(EXERCISE PROMPT): Reproduce only the lines of the material below that start at the line containing "交易策略:132.034上方看涨,目标132.602、132.954" and stop at the line containing "아울러 공단은 장애인·임산부". Keep both end lines.

(DATA PROVIDED):
• • • •
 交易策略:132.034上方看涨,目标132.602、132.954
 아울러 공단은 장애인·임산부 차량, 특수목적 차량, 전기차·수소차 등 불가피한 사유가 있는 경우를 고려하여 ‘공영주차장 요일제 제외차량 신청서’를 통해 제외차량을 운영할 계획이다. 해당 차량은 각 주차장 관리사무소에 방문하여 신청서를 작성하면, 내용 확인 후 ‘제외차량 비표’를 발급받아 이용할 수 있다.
• • • •
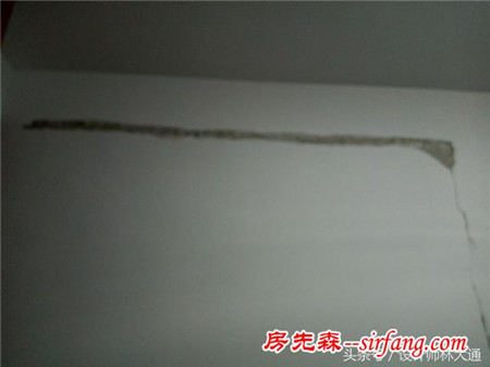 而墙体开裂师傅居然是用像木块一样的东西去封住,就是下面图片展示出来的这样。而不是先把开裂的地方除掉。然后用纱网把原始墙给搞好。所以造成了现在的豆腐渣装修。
• • • •
(OUTPUT FOR THIS TASK):
 交易策略:132.034上方看涨,目标132.602、132.954
 아울러 공단은 장애인·임산부 차량, 특수목적 차량, 전기차·수소차 등 불가피한 사유가 있는 경우를 고려하여 ‘공영주차장 요일제 제외차량 신청서’를 통해 제외차량을 운영할 계획이다. 해당 차량은 각 주차장 관리사무소에 방문하여 신청서를 작성하면, 내용 확인 후 ‘제외차량 비표’를 발급받아 이용할 수 있다.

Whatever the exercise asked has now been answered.